IMI is a global engineering group focused on the precise control and movement of fluids in critical applications and comprises five platform businesses - Severe Service, Fluid Power, Indoor Climate, Beverage Dispense & Merchandising. I have a holding in my income portfolio (epic code: IMI).
Operating profit decreased by 0.3% to £269.8m and Eps increased by 15.1% to 68.6p, excluding exceptionals EPS was 78p up 7.4%, in line with market expectations.
Free cash flow (FCF) was substantially below last year's £252.2m at £33.6m, mainly as a result of increased working capital, higher capex and additional pension scheme funding. The additional pension funding of £87m was part funded by £70m from the £696m proceeds from the sale of the Beverage business, £620m was returned to shareholders in addition to the £97.5m in dividends.

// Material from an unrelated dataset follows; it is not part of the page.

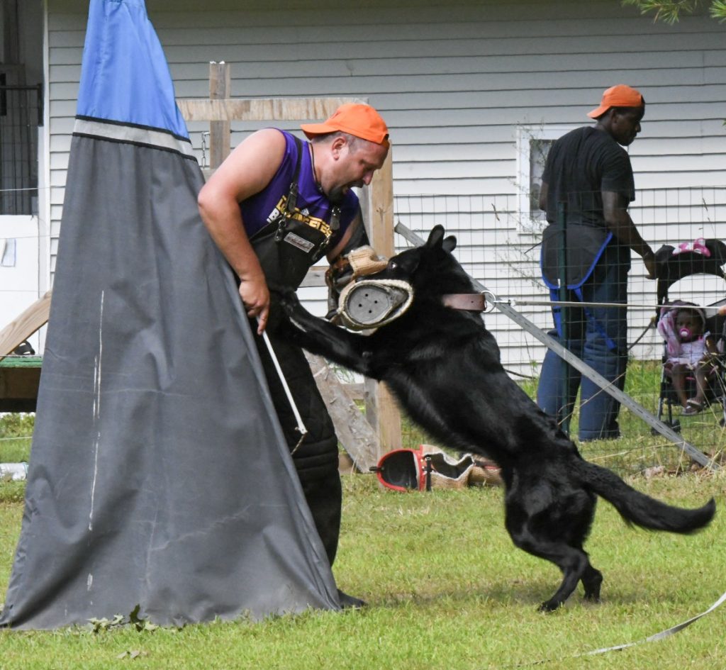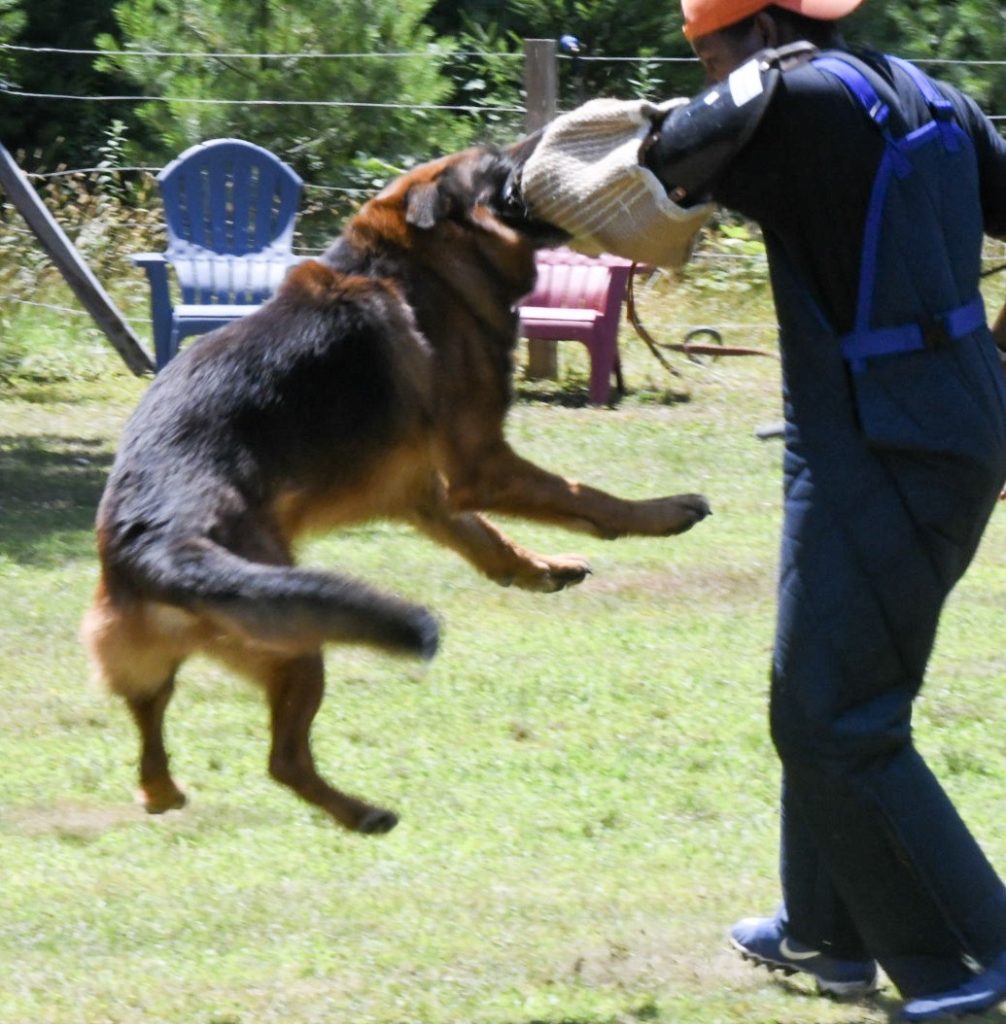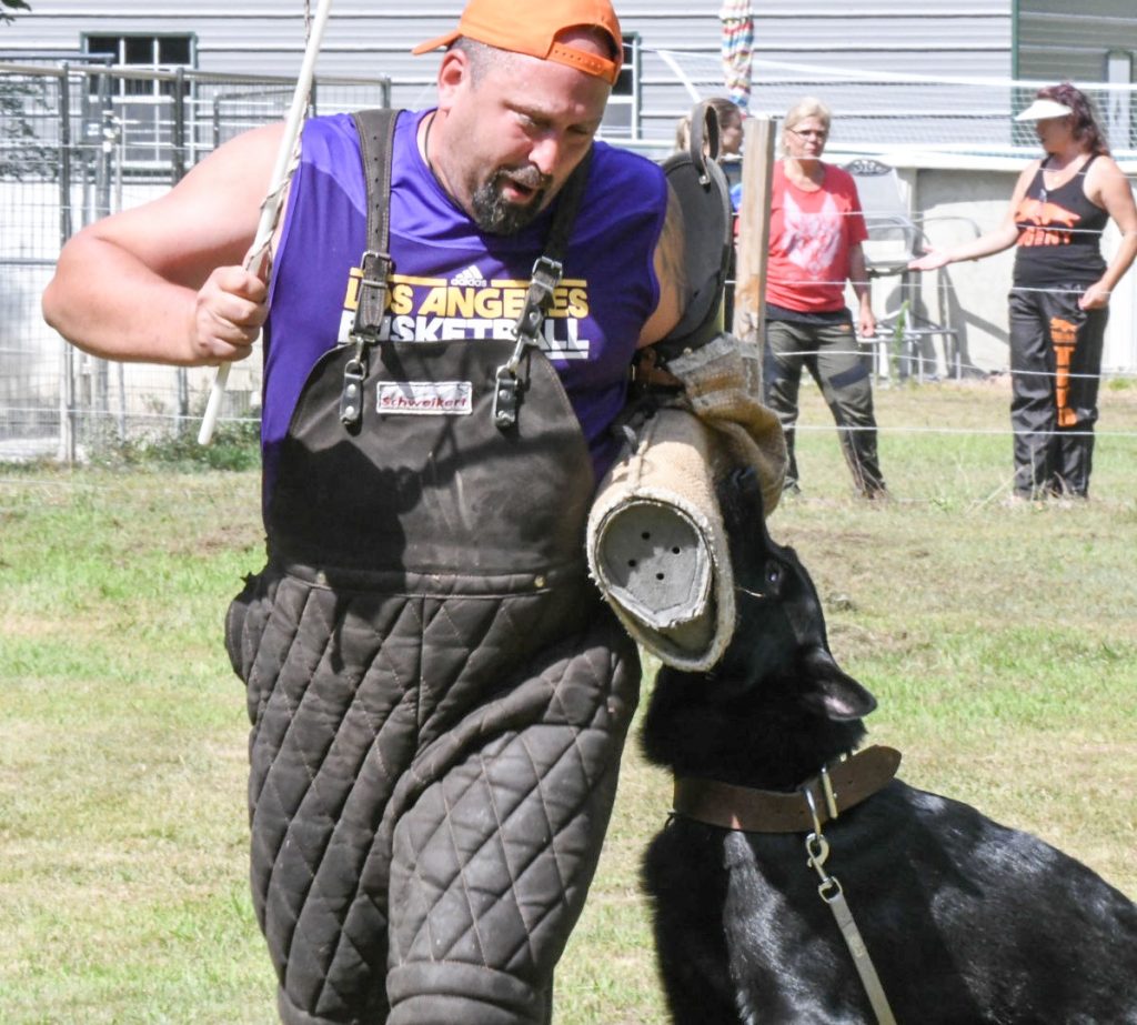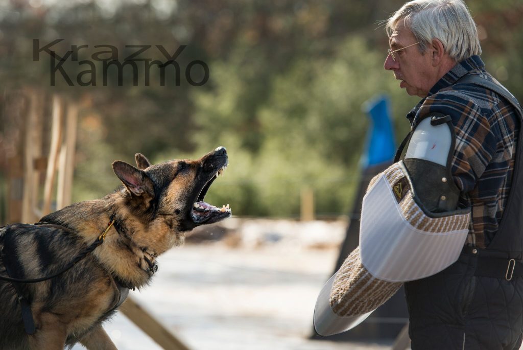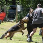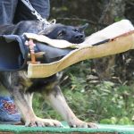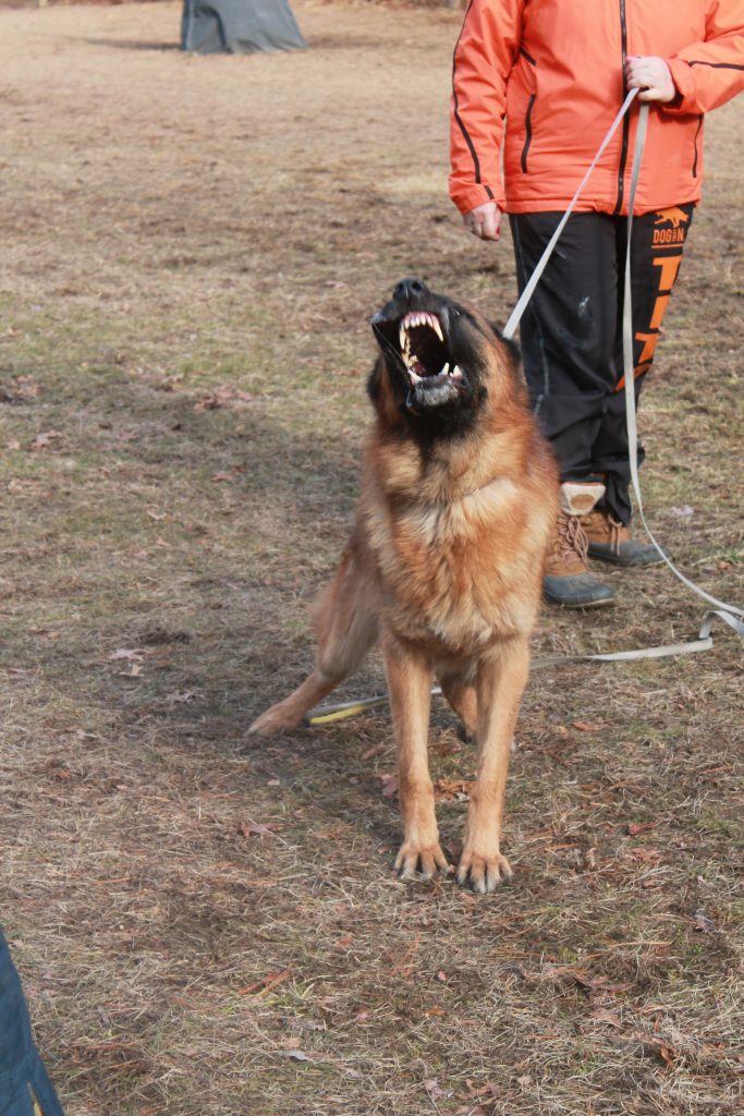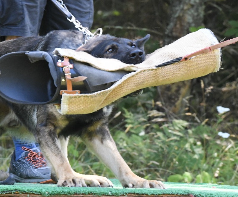 The protection phase tests a dog ability to react appropriately and be under control at all times. The dog must find a hidden decoy and hold him in place with strong barking without a bite. The dog must return to the handler when called, prevent escapes and attacks by biting, yet be able to immediately release the bite and bark or sit quietly at the handler’s side. The dog and handler are required to heel next to the decoy, and transport him to the judge, yet remain ready for defense against an attack. Dogs that are out of control are dismissed, as well as dogs that do not release the bite.

Net debt was reduced by £25.9m to £200m and represented gearing of 39.3%. Net debt was just 0.5x EBITDA, but the weaker operating cash flow was only 52% of net debt.
A final dividend of 24p is being proposed making the full year dividend 37.6p an increase of 6.5%. If we add back the £70m of additional pension scheme funding, that was financed by the Beverage disposal, to the FCF then the resultant £103.6m covered the £97.5m of dividends.
The 3 year average FCF return on capital employed is 20.4%, substantially in excess of the weighted average cost of capital of 11.6% and their current ROCE is 38%.
Management's outlook for 2015 was rather cautious with an implication of flat earnings for the year - "...In 2015, based on current market conditions and excluding the impact of exchange rate movements, we expect the Group to deliver modest organic revenue growth weighted towards the second half with margins slightly lower than in 2014 reflecting the impact of the disposal of Eley and acquisition of Bopp & Reuther by the Critical Engineering division and the ongoing investments we are making in all our businesses as we ready them for accelerated long-term growth..."
Currencies may have a major impact on the 2015 results as they are more heavily exposed to the Euro than the US$. A 1c movement in either currency would affect operating profits by +/- £0.5m for the US$ and +/- £1m for the Euro. Average rates for 2014 were $1.65 = £1 and €1.24 = £1.
Despite the cautious outlook for 2015, management have set a target of doubling operating profits by 2019, which if achieved, will be a considereable performance.
At Friday's close of 1381p they are on an historic P/E of 17.7 and a forward yield of 2.9%.